The development of HDIs has resulted in an array of small molecules that target a many key cancer phenotypes including proliferation, apoptosis, differentiation, autophagy, and anti-angiogenic effects.¹⁶ Relatively weak HDAC inhibition was initially observed with sodium butyrate in a clinical setting. This compound served as the prototype of the aliphatic acid group that was later found to include sodium valproate and phenylbutyrate.¹⁷ Following the identification of these compounds a range of much more potent and structurally diverse HDIs have been produced. These compounds are generally classified as hydroxamates, benzamides, tetrapepides/desmipeptides, and sirtuin inhibitors.¹⁸

HDACs in cancer

Cancer results not only from the mutation of genes, but also from changes in epigenetic modifications, such as DNA methylation and histone modification. Unlike genetic mutations, these epigenetic modifications are often reversible.⁶ Because of the ability to potentially change these aberrant epigenetic states, particularly acetylation, that are associated with cancer, HDACs have become viable and promising therapeutic targets.⁶ Atypical expression of HDACs and changes in acetylation levels in human tumors have been demonstrated in numerous correlative studies and overexpression of HDACs 1, 5, and 7 can serve as biomarkers to differentiate tumor from normal tissue.^19,20 Clearly demonstrated in many studies, abnormal expression and activity of HDACs is correlated to key oncogenic outcomes such as the direct deacetylation of p53 leading to decreased transcriptional activity and HDAC-mediated activation of transcription factors SP1 and C/EBP, which leads to upregulation of oncogenes such as BCL-2.^19,21,22 While inappropriate binding of HDACs to promoters has been shown to play a role in tumorigenesis, there is also evidence that fusion proteins created by chromosomal translocations can physically interact with HDACs and lead to deregulated functions that are tumorigenic.⁶

Rationale for selective inhibition

Despite their relative success in clinical applications, with vorinostat (SAHA, Zolina), and belinostat (PXD101, Beleodaq) that are approved fopr the treatment of hematologic tumors, HDIs that inhibit a broad spectrum of HDACs have all exhibited several significant dose-limiting toxicities (DLT), including fatigue, nausea, vomiting, thrombocytopenia, and neutropenia.^5,23 In addition, treatment by some HDIs, notably vorinostat,²⁴ and panbinostat,²⁵ have been associated with serious cardio-toxicity in the treatment of solid cancers.^18,26 As class II HDACs have been demonstrated to be abundant in heart tissue, designing inhibitors inactive against class II HDACs could potentially alleviate some of these cardiotoxicities. Due the prevalence of these significant toxicities, increased effort has been directed toward developing HDIs that selectively inhibit certain classes or single isoforms.

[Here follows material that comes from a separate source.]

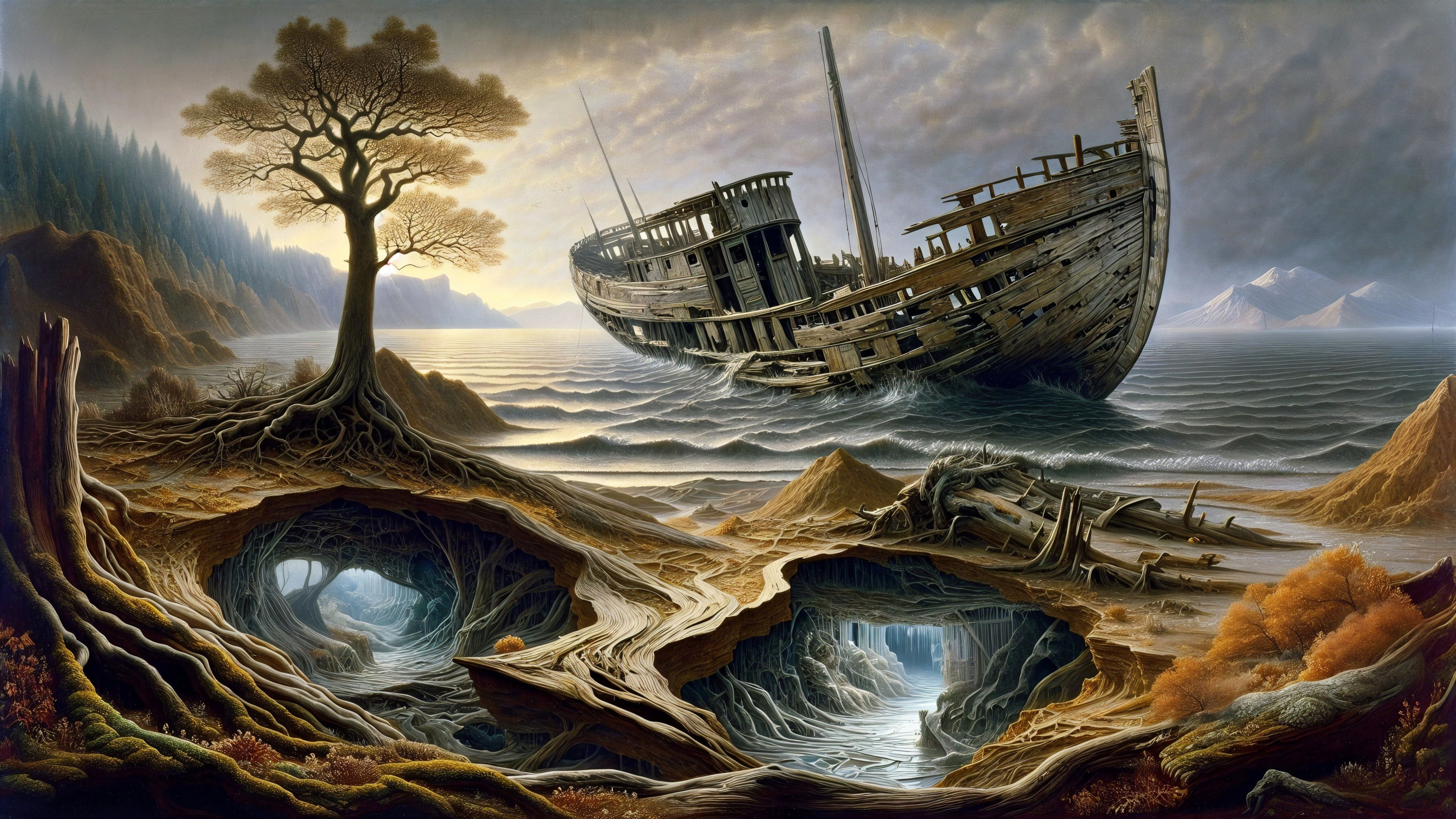 Prompt: A surreal painterly scene set along a strange, weather-worn shoreline where, in the distance, the hull of an old wooden wrecked ship rests partially embedded in the land. The ocean pours forward in a continuous surge that spills across cracked soil, as though the tide itself has been redirected from its natural path. Within the translucent segments of the terrain, a silver river winds through shifting inner realms, revealing glimpses of soft misty forest light and shallow glowing water, each layer suggesting hidden depth beneath the surface. Along one side of the scene, the remains of a finely crafted ship lean beside an ancient oak tree, its fractured structure subtly mirrored across the aged and weathered surfaces surrounding it. Thick roots coil around the lower shell of the hull, binding it securely to the ground as if nature has claimed and preserved it over time. The composition carries the tonal discipline of the old masters, supported by a warm inner radiance that gently illuminates the central forms. A quiet, desaturated background reinforces the scene’s sense of stillness, while the overall visual language includes stylistic influences reminiscent of renowned surreal and painterly artists, emphasizing depth, texture, and refined atmospheric detail.

In conjunction with the goal of reducing some of the dose limiting toxicities observed with broad-spectrum HDIs, the transition to class- and isotype-specific inhibition could also yield greater therapeutic value. HDACs are frequently over-expressed in many human diseases, predominantly cancers. In particular, class I HDACs are often overexpressed in human tumors, and selective knockdown of HDAC 1 or 2 has been shown to be sufficient to decrease tumor growth.²⁷ Accordingly, development of new inhibitors has focused on the inhibition of class I HDACs. While numerous class I specific HDIs have been developed, with many showing preclinical promise, only a few, including the FDA approved romidepsin (FK-228, Istodax),^28–30 CHR-3966,³¹ entinostat,³² mocetinostat ³³ chidamide (CS055/HBI-8000),³⁴ have entered the clinic.¹⁹ In addition to these class I specific HDIs, class I and II specific HDIs, including AR-42³⁵ and the hydroxamide quisinostat (JNJ26481585),³⁶ have been developed and put to clinical trial.¹⁹

Treatment of hematologic malignancies with HDI

Unlike many types of solid cancers, hematologic malignancies have proved particularly sensitive to HDI treatment (Table 1). The first disease to have an FDA designated HDI as a treatment option, following failed attempts of other systemic treatments, was cutaneous T-cell lymphoma (CTCL). CTCL consists of extranodal non-Hodgkin’s lymphomas (NHLs) made up of malignant, clonal T-cells presenting in the skin. Numerous phase I and II clinical trials have been undertaken for CTCL using the panHDIs vorinostat,^37,38 panbinostat,³⁹ and belinostat,^40,41 both as single agents and in combination with other chemotherapeutic compounds. Notably, panbinostat has been investigated in patients after treatment with the retinoid bexarotene,⁴² and belinostat has been investigated in combination with many agents including bortezomib, 5-fluorouracil, 5-azacytidine, carboplatin, paclitaxel, and isoretinoin.⁴³ These drugs were generally well tolerated in CTCL patients as well as in peripheral T-cell lymphoma (PTCL),^44,45 Hodgkin’s lymphoma,^46–48 multiple myeloma,^49,50 diffuse B-cell lymphoma,⁵¹ myelodysplastic syndrome,⁵² and acute myeloid leukemia, ⁵³ often achieving complete remission (CR), partial remission (PR) , and sustained disease (SD), while exhibiting manageable dose limiting toxicities such as fatigue, nausea, anemia, and vomiting.⁴³

Whereas hundreds of clinical trials have been undertaken with panHDIs in the treatment of hematologic malignancies, fewer have been undertaken with class and isoform specific HDIs (Table 2). In order to investigate the efficacy of these specific HDIs in treating hematologic malignancies, we review the results of a selection of clinical trials.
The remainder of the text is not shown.